The sociodemographic characteristics of the participants are presented in Table 1. This shows that 49% were aged 26–30, and the overwhelming majority (98%) were married. Most (91%) were educated, 65% were homemakers, and 58% had an average family income of 10,001–20,000/month. Most (58%) were dependent on their husbands as the primary source for maternity care service payments, while 24% were self-paying. Fifty-two percent were multigravida, and 13% reported a history of miscarriages, while 48% were living in a nuclear family, followed by 37% in a joint family.

Frequency and Percentage Distribution of Selected Sociodemographic Variables

Health Information-seeking Behavior

Sixty-five out of 100 women inquired about their own health information regarding pregnancy. Only 24% of women took decisions about seeking health information by themselves, with the remainder reporting dependence on husbands (47%) or family (29%). The majority (63%) implemented what they learned directly after finding the information, and 37% reported verifying the information through more than one source on the Internet. Only 33% went for health check-ups on their own, whereas 55% received a check-up whenever the doctors called, and the remaining 12% had health check-ups only when they felt the need. While 65% reported seeking the health information only after conception, 35% reported seeking information before pregnancy. Forty-six percent of women reported getting information about health checkups from family members, 39% of them knew it before marriage, and 15% came to know about it from health workers/physicians (see Table 2).

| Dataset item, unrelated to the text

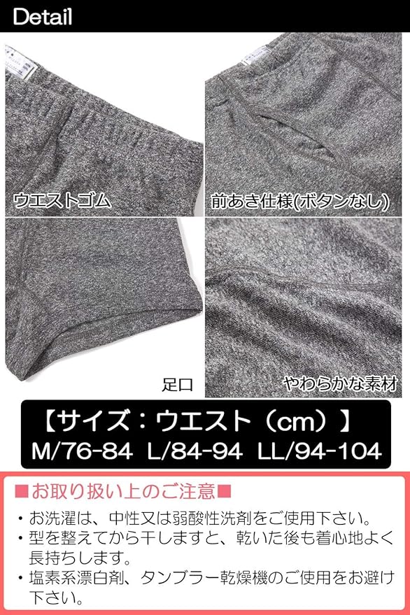 【便利な2枚組】コンビカラー、ダークカラーの2枚組。毎日使う消耗品の尿漏れ対策下着はまとめ買いがお得です。出張の多い方・旅行好きな方・単身赴任の方に。【サイズ】ウエスト:M/76cm~84cm, L/84cm~94cm,LL/94cm~104cm【タイプ】股上深め、レギュラー丈、前開き、ボタンなし【ご確認ください】商品のデザイン・仕様・カラー・価格は予告なく変更する場合があります。生産時期により、デザイン・仕様・カラー・サイズが多少異なる場合があります。同商品、同色におきましても、ロットによって色合い・伸縮性が多少異なる場合があります。商品の写真につきましては、ご覧になる環境(モニター、ブラウザ等)の違いにより、色の見え方が実物と若干異なる場合があります。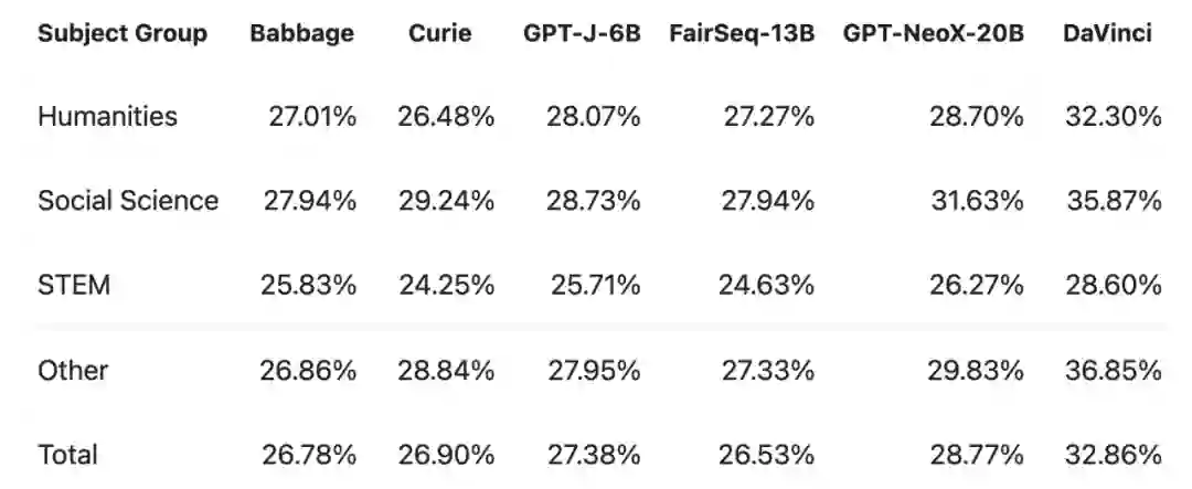 根据 HendrycksTest 评估,各模型对不同学科组事实知识的准确性测量对比。

Frequency Distribution of Health Information-seeking Behavior Regarding Pregnancy among Rural Women as per Self-structured Tool

Health Information Resources Used & Perceived Value of Different Resources

Information on the health information resources used and perceived value of different resources is presented in Table 3. Doctors (100%) were the highest used resource in the interpersonal category, and television (81%) in the mass media category. However, many women (68%) also reported getting information from newspapers, while 87% mentioned the using Internet resources during pregnancy.

Frequency and Percentage Distribution of Resources used and Perceived Value of Different Resources

When asked about the value of different resources, all cited doctors as the most valuable resource for health information, followed by nurses, reported by 82%. Among mass media resources, radio (92%) and magazines (89%) were regarded as resources of little or no value. Among other resources, 46% considered the Internet as a somewhat valuable resource, while 44% saw it as the most valuable.

Trust in Resources

When asked about the trustworthiness of resources, 96% reported absolute trust in doctors, followed by nurses (80%). For mass media resources, the majority did not trust the information given in magazines (94%) or radio (88%). Furthermore, 68% of women reported the Internet as a trustworthy source of information (Figure 1).

Figure 1.

Frequency and Percentage Distribution of Trust on Resources; N=100.

Knowledge-related Areas

Table 4 shows the frequency and percentage distribution of the areas in which women generally seek knowledge about pregnancy- and childbirth-related issues. Information regarding baby growth and the availability of alternative birth settings was sought by 97%, while 93% or more reported seeking information regarding body changes during pregnancy, type of delivery, choice of hospital during pregnancy and for delivery, medications taken during pregnancy, how to pay for pregnancy, and childbirth-related expenses. On the other hand, low numbers were observed in areas like drinking caffeine during pregnancy (27%), alcohol consumption during pregnancy (20%), smoking during pregnancy (20%), and sexual intercourse during pregnancy (7%). Ranking according to the reported knowledge-related areas for seeking health information during pregnancy is shown in Table 4.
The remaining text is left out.